3) typically there is no way to "carve out" comparable subsets of two
ontologies without great difficulty and long analysis, especially if
those ontologies are not "modular" to begin with. And what you are after
(related to points Pat Cassady made to the SUO back a ways) is some sort
of semantic "index" into ontologies, i.e., a kind of metadata/keyword
associated with an ontology module characterizing it as about
"Space-time" or "Part-whole" or "Human-organization", etc. You will not
find that typically, though you may find some natural language
description/documentation associated with a set of classes/relations
(which of course you will have to read, interpret semantically yourself,
and then decide on). I am beginning to think that Pat's notion of "index
terminology" may actually be useful for SUO to consider. These would be
your set of "primitives". Any ontology, if it abided by the "index term"

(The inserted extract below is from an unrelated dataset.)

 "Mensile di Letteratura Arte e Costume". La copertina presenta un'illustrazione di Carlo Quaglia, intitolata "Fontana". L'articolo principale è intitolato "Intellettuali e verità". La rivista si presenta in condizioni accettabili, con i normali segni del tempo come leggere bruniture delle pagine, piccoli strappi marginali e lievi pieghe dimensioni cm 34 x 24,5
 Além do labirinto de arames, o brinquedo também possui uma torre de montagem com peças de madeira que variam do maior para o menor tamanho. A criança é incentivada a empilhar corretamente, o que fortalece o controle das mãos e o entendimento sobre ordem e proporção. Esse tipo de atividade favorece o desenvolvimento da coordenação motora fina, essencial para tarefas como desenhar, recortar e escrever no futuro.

standard, would annotate its modules with an index term. Of course,
since an ontology could be a set of axioms (rather than modeled say as
more OO-like frames), the module, like the axioms, would be distributed
across the ontology (though topologically connected). Maybe SUO should
create such a standard too? It's not a standard upper ontology, but
would be a standard ontology indexing system. I know this is a potential
can of worms, but what do you think?

With respect to determining whether two ontologies are comparable
semantically, you will find that similar methods are used to establish
merges (or mappings or translations) in three different research
communities: the database, the thesaurus, and the ontology communities.

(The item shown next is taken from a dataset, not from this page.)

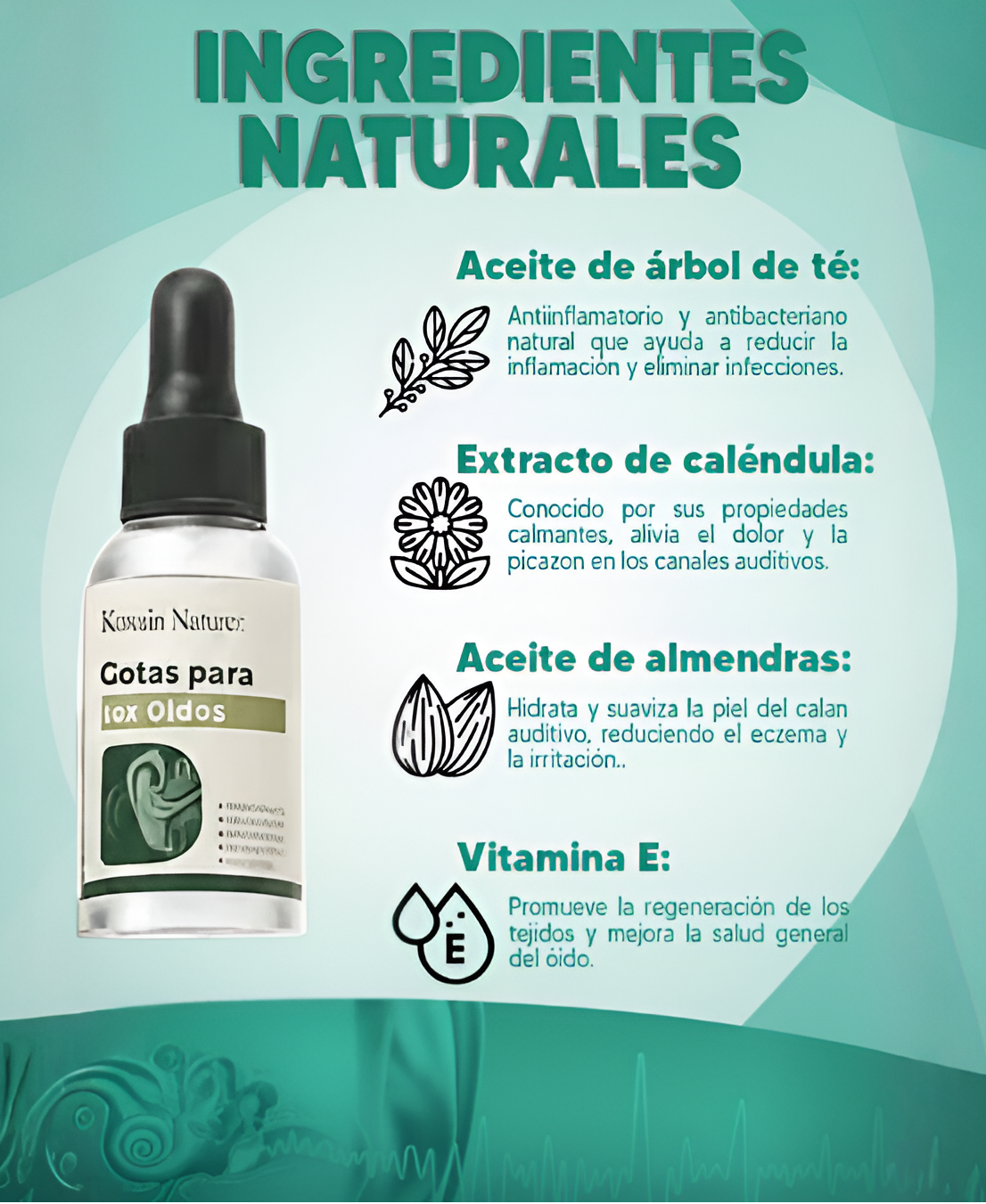Alivia el dolor, dile adios a los zumbidos y pitidos, con sus ingredientes naturales ayuda a la restauracion del canal auditivo y se encarga de hasta su limpieza.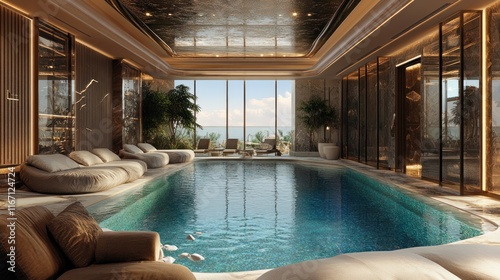 © Aulia, Obraz premium Luxury Indoor Pool with Ocean View: A Tranquil Escape

The state of the art in all 3 is semi-automated merging/mapping (and it
will be that for quite some time, since the process requires
something/someone to understand the semantics on both sides and ok the
semantic equivalences): and techniques include substring/string matching
of concept/relation/attribute/value names (notoriously weak, since the
expectation is that labels somehow carry their semantics on their
sleeves, so to speak), sometimes generalized to include other
text/linguistic processing, graph homomorphisms (i.e., basing semantic
matching on structural matching, again typically inadequate, since two
things with the same/similar structure are not necessarily semantically
equivalent, plus of course one expects many-to-many relationships and
there may be no structural "preservation"), and statistical
correlation/clustering (in effect, comparable to the generalized
linguistic methods in which a statistical model is created and used
based on strings and co-occurrences), and finally there is the method of
"inducing" semantic correlations based on an analysis of the
instances/tuples in the knowledge/databases, especially in cases where
two schema/taxonomies/ontologies have intersecting instances/tuples.

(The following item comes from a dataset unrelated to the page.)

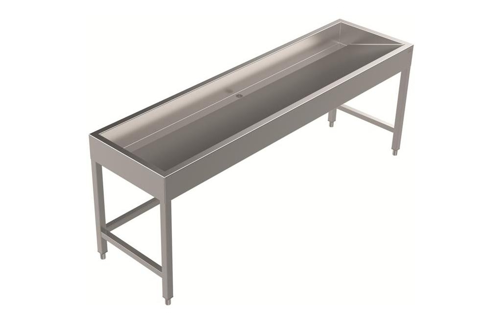 DREILICH Waschrinne 510 UB bodenstehend mit Unterbau ohne Armaturenbank zur Verwendung von Stand- und Wandarmaturen Abmessungen: 2400 x 150 x 570mm (B x H x T) Gesamthöhe: 850mm Material: 1.4301 CNS V2A

This latter is sometimes called using extensional equivalence
(instances/tuples being the extensions, schemas/ontologies the
intensions). 

Some researchers will also use additional knowledge resources to assist
in the process or bootstrap, e.g., using WordNet or some other thesaurus
in the background to approximate synonymy between the labels for
classes/relations/attributes in two different ontologies, and define
some "semantic distance measure" or threshold above which the labels can
be considered candidate synonyms. 

Leo




Jim Farrugia wrote:
> 
> All,
> 
> I face some practical problems that I hope you can help me with.
> 
> The broad topic has to do with how to access the guts of ontologies
> based on the ontologies themselves and perhaps also their specifications.
> 
> Those in a hurry can skip to the SUMMARY at the end.
> 
> GOAL:
> 
> I am trying to extract suitable sections of OpenCyc, SUMO, and perhaps ISO15926
> to serve as plausible example ontologies for demonstrating the IFF.
> 
> PROBLEM:
> 
> Faced with hundreds of megs of terms, definitions, comments, relations,
> axioms, and so forth, how can I comb through these ontologies to
> do the following?
> 
> (1) find out what are the ontological primitives (e.g., terms, relations,
> axioms) used by each ontology and whether these primitives are compatible
> (e.g., do the ontologies mean the same thing by "individual", "constant",
> "collection", "relation", ... ?);
> 
> (2) carve out from each of the ontologies subontologies that deal
> with some particular domain, say, naive spatial reasoning;
> 
> (3) get an idea of possible correspondences among the different
> subontologies, to determine whether the ontologies stand a chance of
> being able to interoperate with each other.
> 
> FUNDAMENTAL ISSUE:
> 
> How to get the relevant ontological primitives and assertions from the
> ontology itself?
> 
> (It is interesting to note that even if I were working with much
> smaller ontologies, the fundamental issue would still remain.)
> 
> Now you may say, "Well, that's your problem because of what you've
> chosen to do, and it's not really a problem that members of this group need
> to worry about."  But I think it is, and I will try to explain why.
> 
> Many members of the group would seem to agree that the SUO should have some
> kind of framework within which different ontologies can "interoperate."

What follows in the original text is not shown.